§ **Assignment**: Leave the pictures out and quote every line from the start of the listing to the line with "(주)외도339카페(대표 강성민·이사 고재웅)는", inclusive.

§ **Information shown**:
>>

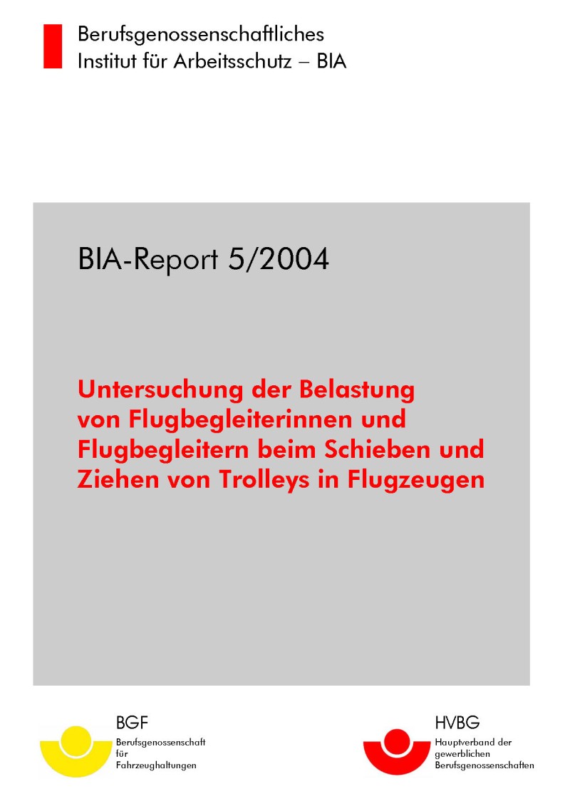 Glitsch, U.; Ottersbach, H.J.; Ellegast, R.P.; Hermanns, I.; Feldges, W.; Schaub, K.; Berg, K.; Winter, G.; Sawatzki, K.; Voß, J.; Göllner, R.; Jäger, M.; Franz, G. Untersuchung der Belastung von Flugbegleiterinnen und Flugbegleitern beim Schieben und Ziehen von Trolleys in Flugzeugen. BIA-Report 5/2004. Hrsg.: Hauptverband der gewerblichen Berufsgenossenschaften (HVBG), Sankt Augustin 2004. ISBN: 3-88383-670-2
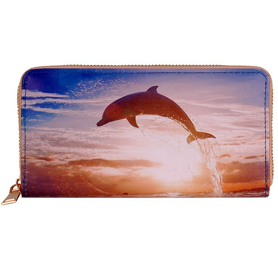 Portemonnee met dolfijn die uit water springt bij zonsondergang - 19,5x10cm
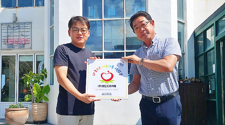 (주)외도339카페(대표 강성민·이사 고재웅)는 최근 제주노인복지센터로부터 '나눔으로 아름다운 사람들' 인증 후원판을 전달받았다.
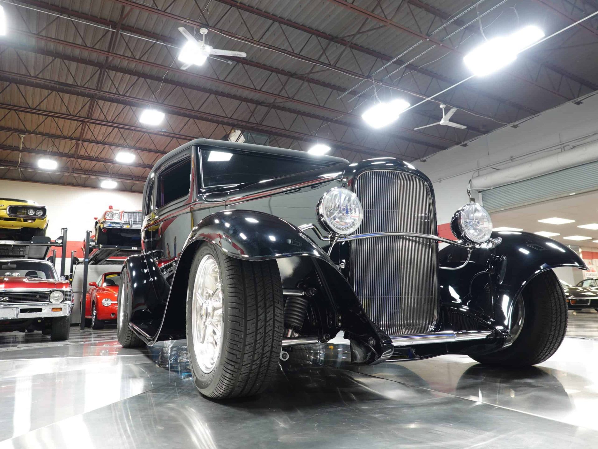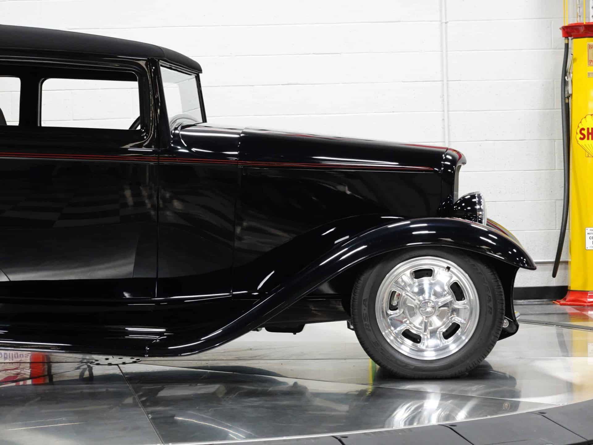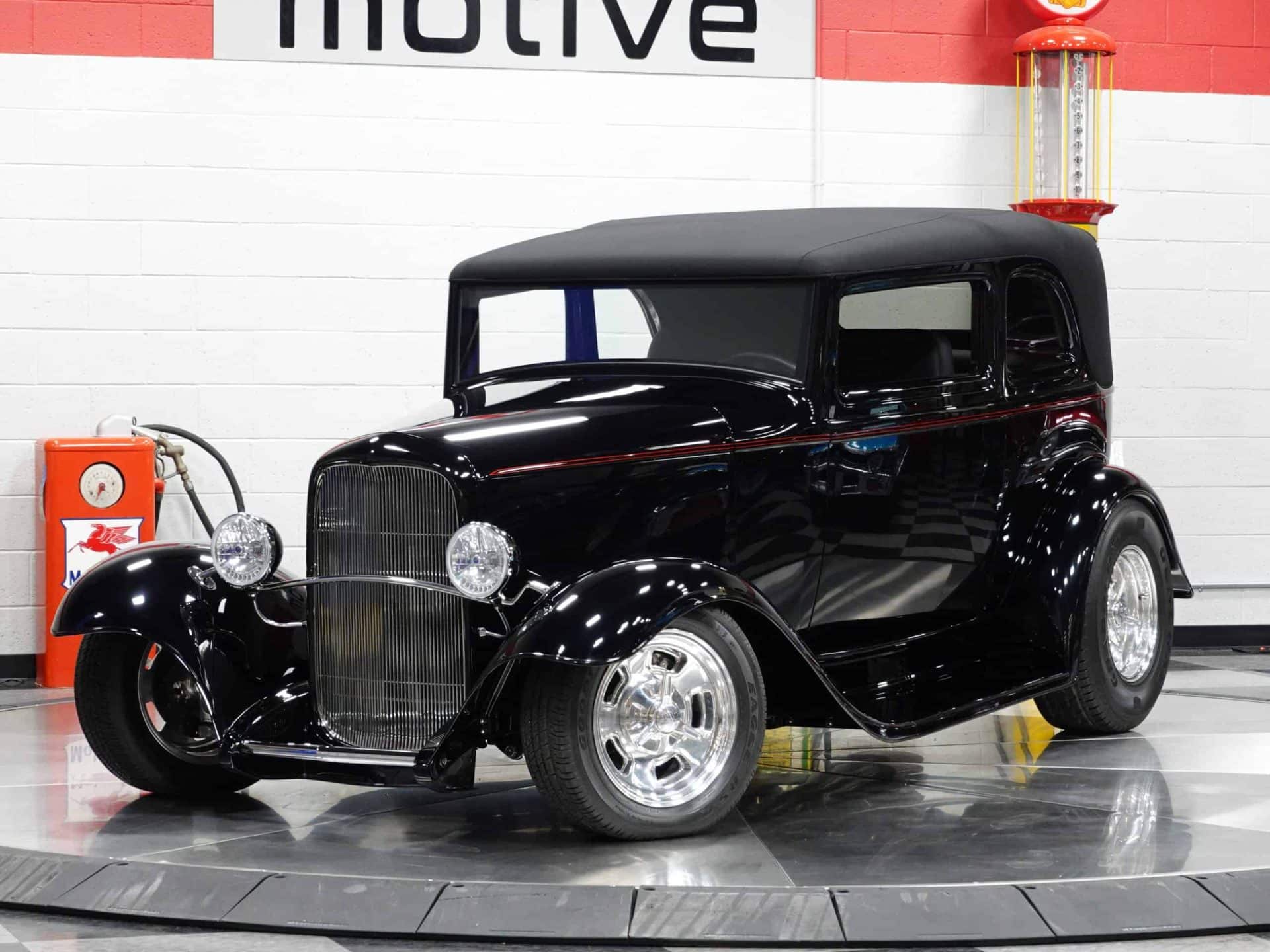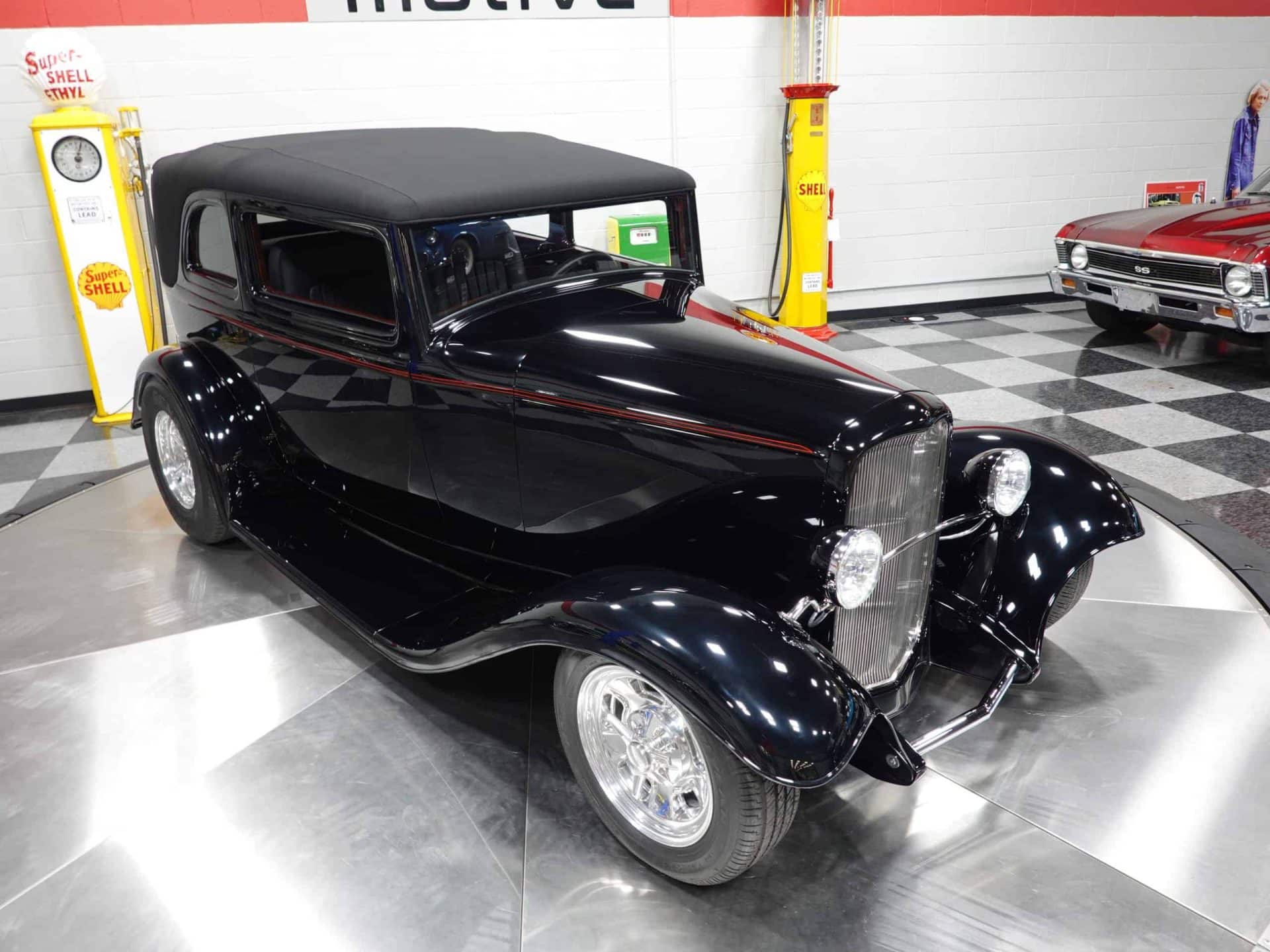 “This was one of the last cars Boyd had his mind and hands on before his passing. And just like all his projects, this ‘32 utilizes only the best products, and greatest depth of skill available.” - Roger C. Johnson. This is the car that became known as “The Master’s Last Hod Rod” after the untimely passing of master builder Boyd Coddington. Boyd was indeed a master, building cars for star personalities and launching the careers of the likes of Chip Foose, Jesse James, and Larry Erickson, Chief Designer of the Mustang and Thunderbird at Ford Motor Company. You would expect the product of Boyd’s many successful years of design and building experience to be something special - and it is. Boyd personally took the car to 90% complete status. Then, as a tribute to the legend, some of the greatest names in the custom car industry brought it to completion. The body was recreated by Coddington’s Shop of Wonders with help from Marcel's Custom Metal Shaping, creating a longer hood and side panels, and matching stretched fenders. The finish is a simple but effective application of rich black exterior paint by Bernet Carlsen. The crowning touch is the one-of-a-kind steel lift-off top. Ample power is supplied by none other than Roush Racing - a 358 cubic inch fuel injected Ford small block with a complete roller valvetrain and custom fabbed headers. The exhaust exits in a marvelously executed single outlet that fits ingeniously beneath the chromed independent rear suspension.…

<<

§ **Solution for this task**:
 Glitsch, U.; Ottersbach, H.J.; Ellegast, R.P.; Hermanns, I.; Feldges, W.; Schaub, K.; Berg, K.; Winter, G.; Sawatzki, K.; Voß, J.; Göllner, R.; Jäger, M.; Franz, G. Untersuchung der Belastung von Flugbegleiterinnen und Flugbegleitern beim Schieben und Ziehen von Trolleys in Flugzeugen. BIA-Report 5/2004. Hrsg.: Hauptverband der gewerblichen Berufsgenossenschaften (HVBG), Sankt Augustin 2004. ISBN: 3-88383-670-2
 Portemonnee met dolfijn die uit water springt bij zonsondergang - 19,5x10cm
 (주)외도339카페(대표 강성민·이사 고재웅)는 최근 제주노인복지센터로부터 '나눔으로 아름다운 사람들' 인증 후원판을 전달받았다.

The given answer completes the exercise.